In a regulated mutual, "fully autonomous" is the wrong goal. An unexplainable automated decision is a liability. So every consequential step keeps a person in the loop, but the person's job changes: instead of doing the manual work, they approve work that AI and orchestration have already prepared, checked, and documented.
This is what let us move fast without breaking compliance. The audit trail is built in. Every orchestration logs what it did, what the AI recommended, what the actuarial model priced, and which human approved it. That is not a bolt-on report; it is a by-product of how the system runs.
Measured change across the operating model.
Delivered in 11 weeks.
Brief to go-live, the full redesign and all 147+ processes were live in eleven weeks, against a traditional build scoped at over $160,000 and far longer.
Eliminated 20+ FTE of planned growth.
The headcount SharedFare would have had to hire to carry projected volume through the old manual model was removed entirely. At a conservative fully-loaded cost of roughly $110,000 per role, that is on the order of $2.2 million per year in operating cost avoided.
Removed 97 hours of manual rework every month.
Duplicate data entry, error correction, and chasing things that fell through the cracks, measured at 97 hours per month across the organisation, were engineered out by making each piece of data flow once, correctly, through a single orchestrated path.
Onboarding: four to five days to 30-40 minutes.
A multi-day, form-driven process is now a fully automated flow that completes in well under an hour.
Claims turnaround: four to five hours to five to six minutes.
Including documentation presented to the customer for signature and payment initiated in the same flow.
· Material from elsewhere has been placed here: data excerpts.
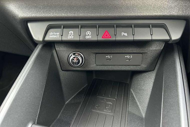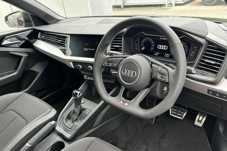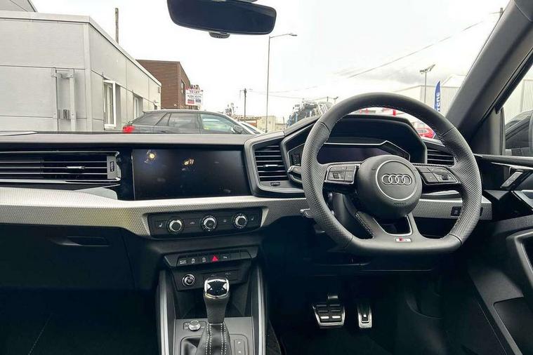 10.25" Digital instrument cluster display classis style instrument dials + speed, odometer, time, outside temperature, telephone menu + fuel level warning, Advanced driver attention and drowsiness monitor, Audi connect emergency call and service, Audi drive select, Audi remote connect and control, Bluetooth interface, Camera based traffic sign recognition, Cruise control, Driver's information system, Electromechanical power steering, Lane departure warning system, Rear parking sensor, Service interval indicator, Smartphone interface, Speed limiter, Start stop system with recuperation, Voice control system, Washer fluid level indicator, Sports suspension, 2 x USB type C connection points, 6 loudspeakers, DAB Digital radio, MMI radio plus with 10.1" colour MMI display screen and MMI touch, Auto dimming rear view mirror, Black door mirror housings, Black side skirts, Body coloured bumpers, Door sill trims with aluminium inlays and logo, Electric front and rear windows, Electrically adjustable, heated, folding door mirrors with integrated LED side indicator, Front side air inlets in grained matt black and C frame in anthracite black, Front wing badges, Headlight cleaning system, Heat insulating glass windscreen and side windows, Heated rear windscreen, High level LED brake light, LED daytime running lights, LED headlights with range control LED rear lights + dynamic rear indicators, Light and rain sensors, Privacy glass, Radiator grille and rear diffuser in matt anthracite black, Radiator protective grille frame in matt aluminium silver, Rear fog lights, Rear side wing doors, Rear wiper, Side front spoiler lips in grained matt black, 12V socket in centre console with two cup holders, 3 rear seats with headrests, 3 seat bench in 2nd row, 3 spoke flat bottomed multi-function plus leather steering wheel with S badging, grips in preforated leather, contrast stitching and paddle shift, 40:60 Split folding rear seat or fully collapsed, Black carpets, Black cloth headlining, Front and rear velour black floor mats with contrast stitching in fine silver, Front head restraints, Front passenger seat, Height and reach adjustable steering wheel, Interior lighting includes roof module, front and rear reading lights and right luggage compartment lighting, ISOFIX child seat mounting for front passenger and outer rear seats including top tether attachment point of outer rear seats, Leather gear knob with aluminium trim, Leather handbrake grip, Manual air conditioning, Manual height adjustable for driver and front passenger seat, Manually adjustable lumbar support in front seats, Stainless steel pedals, Ambient lighting package - A1, Black styling pack - A1 Sportback Black Edition, Luggage compartment pack - A1, 3x3 point rear seatbelts, Audi pre-sense front with pedestrain and cyclist recognition, Brake assist function, Driver and front passenger airbag with front side and head airbags, Electronic Stability Control including ABS, EBD, ASR and EDL, Front passenger airbag deactivation switch, Hill hold assist, Manual rear child locks, Seatbelt height adjustment for front seats, Seatbelt monitoring, Tyre pressure loss indicator, Warning triangle and first aid kit, Anti theft alarm, Anti theft wheel bolts, Immobiliser, Remote control key with safelock, Aluminium trim for control switches, air vents and digital instrument cluster, Black dashboard, Silver grey inlays polygon structure in diamond paint finish, Structured grey accent surfaces insert of air vents, interior door handle recesses and centre console in quartz paint finish,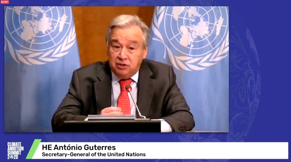 O secretário-geral da ONU, António Guterres, discursa na Cúpula da Ambição Climática (Foto: Reprodução UNTV)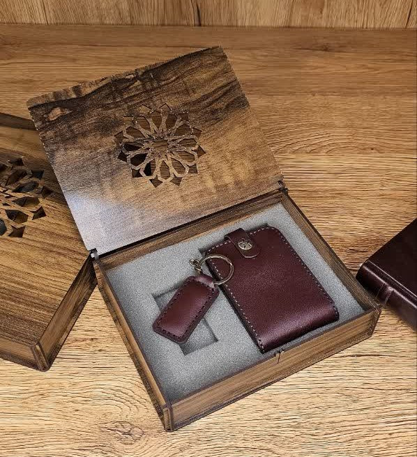 ست چرم طبیعی دو تکه.کیف کارت ساده مدل آکاردئونی به دکمه چهار پارچه باز و بسته می شود. دارای 4 جای کارت.ساخته شده از چرم طبیعی گاوی.کاملا دستدوز.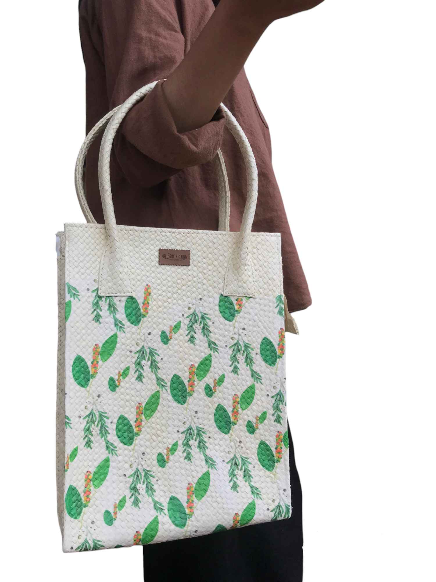 Tas ini merupakan hasil dari kreasi decoupage dengan keunikan di motifnya yang berasal dari tissue bermotif di atas media anyaman pandan. Inovasi kami di tas ini adalah menggunakan tissue dengan motif kearifan lokal khas Bangka Belitung Lada Variasi. Tas ini memiliki ukuran yang tinggi dengan dilengkapi resleting. Stok tersedia dan bisa dipesan dalam jumlah banyak dengan sistem PO. Serta bisa juga costum untuk motifnya.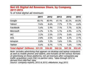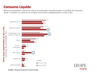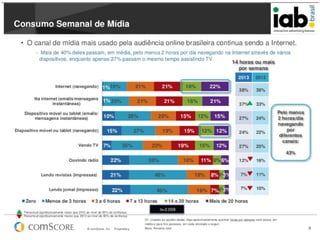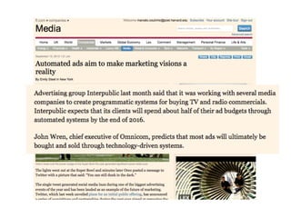 O documento discute a evolução da publicidade em um ecossistema maximídia, ressaltando a transição da arte para a ciência na persuasão e a crescente escassez de atenção no mundo digital. Além disso, aborda a importância de dados na otimização de investimentos publicitários e os desafios enfrentados pela internet no Brasil em termos de legislação e qualificação profissional. A análise sugere que organismos da economia de redes são mais eficientes na captura e distribuição da atenção do que os da economia de escala.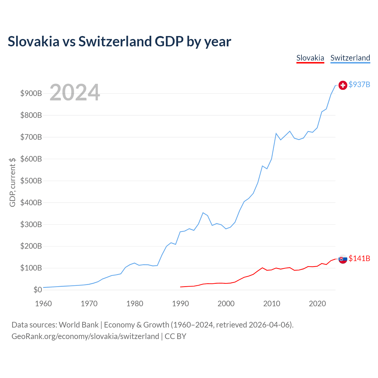 Slovakia has a GDP of $141B compared to $937B for Switzerland, ranking 61/197 and 20/197 by economy size, respectively.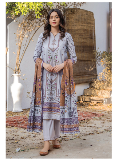 Printed Lawn shirt with Cross stich embroidery and printed Voil dupatta and plain cotton trousers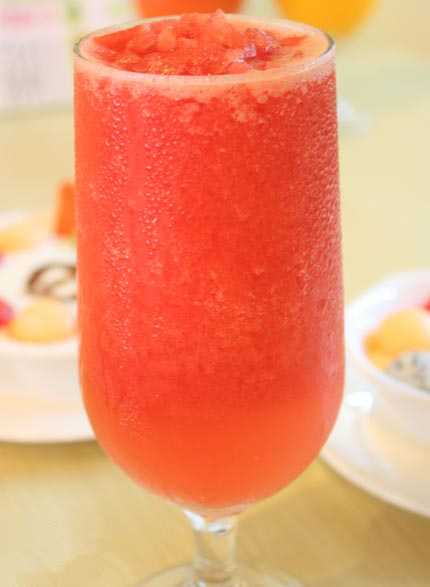 2、将冻硬的西瓜肉用搅拌机打碎;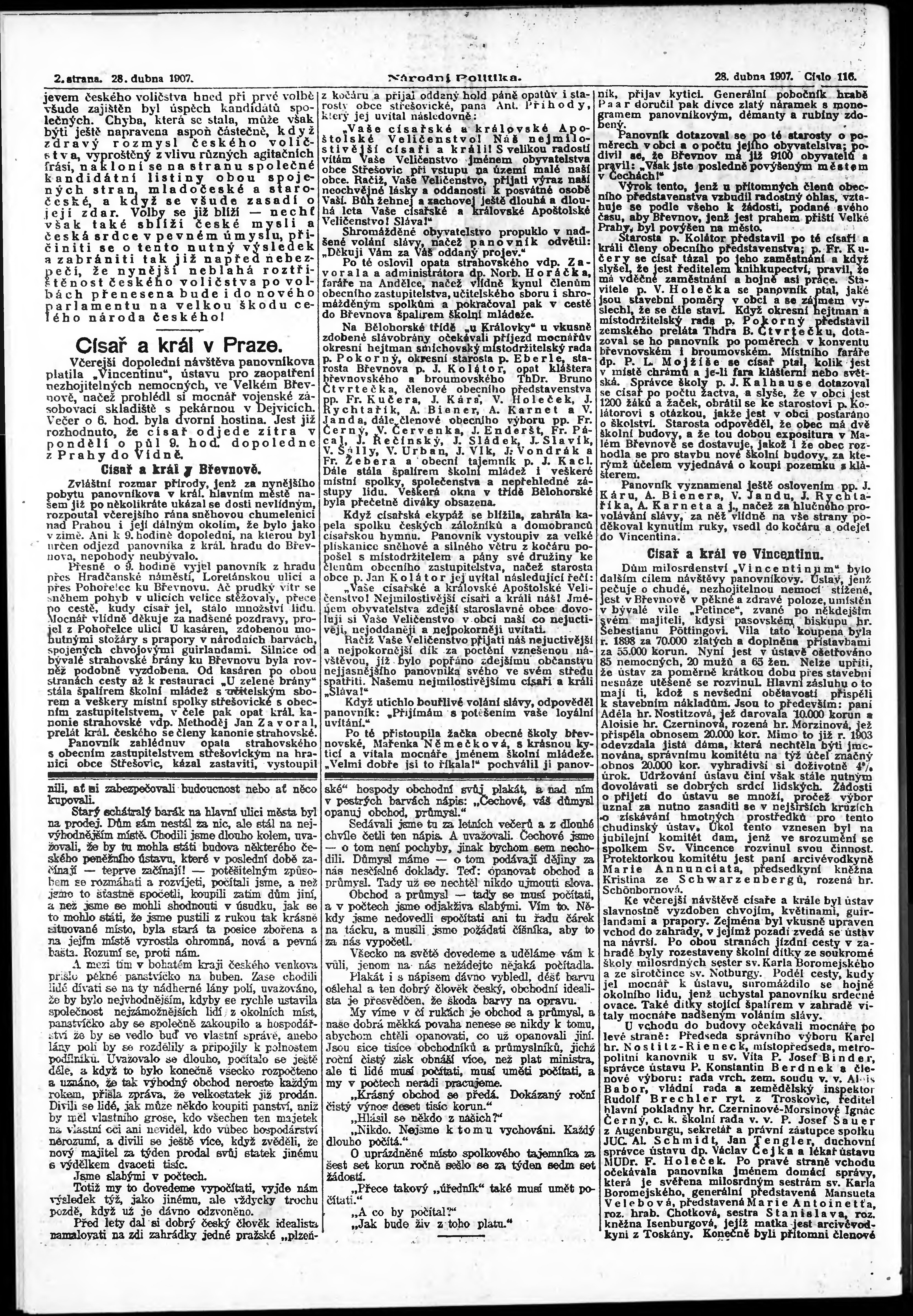 * Datum vydání výtisku: 28.4.1907 Číslo výtisku: 116 Poznámky k výtisku: ranní vydání;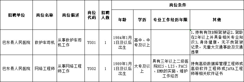 2.学历、专业、年龄、工作经历及其他条件详见《巴东县人民医院2024年公开招考聘用人员岗位计划表》(附件1);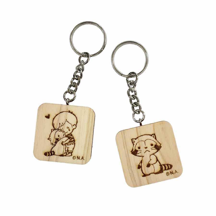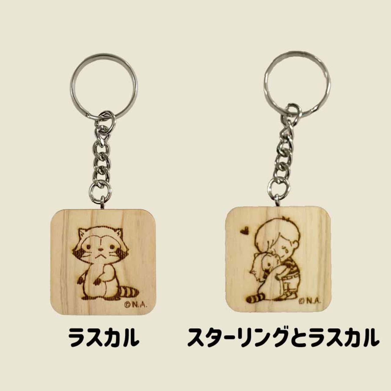 ラスカルやスターリングのイラストを木製キーホルダーにレーザー刻印しました。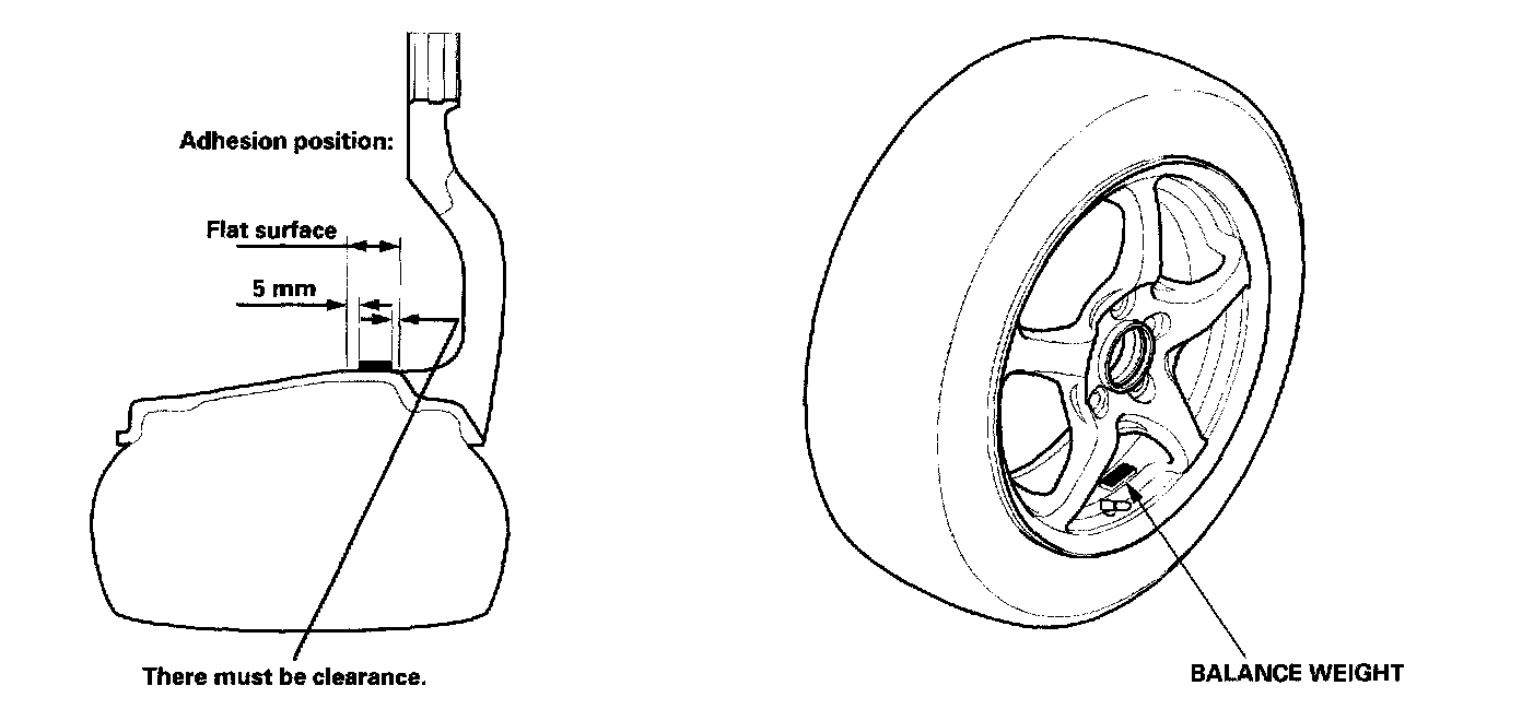 The wheels on this model are not designed to mount the balance weight on the outer side of the wheel. Instead, mount the self-adhesive balance weight on the inner side of the wheels. Note the following service tips and install the weights securely.

Pricing driven by risk, not guesswork.
A purpose-built actuarial model now profiles every member and sets price from risk, consistently and at machine speed, with every decision logged for audit.
Paper to digital, end to end.
Processes that were entirely paper-based are now digital, with AI as the augmented orchestrator between the member and SharedFare and a human approving every decision that counts.
Compliance held, and got stronger.
Every automated step is logged and auditable by design, giving the business a cleaner regulatory posture than the manual model it replaced.

Four decisions made the difference.

Four decisions made the difference. Composable over monolithic: best-of-breed tools joined by one orchestration engine, fast to build, cheap to run, easy to change. A custom risk engine at the core: pricing driven by a purpose-built actuarial model, so the fund takes on risk deliberately instead of hoping for the best. AI as orchestrator, not oracle: AI did the reading, drafting, and triage; humans kept the judgement, speed without surrendering control. Compliance as a by-product, not a phase: auditability fell out of the architecture instead of being retrofitted.
The outcome SharedFare asked for was a redesign within budget. What they got, in 11 weeks, was an operating model that scales without scaling headcount, prices risk like an actuary, and delivers well beyond what they expected.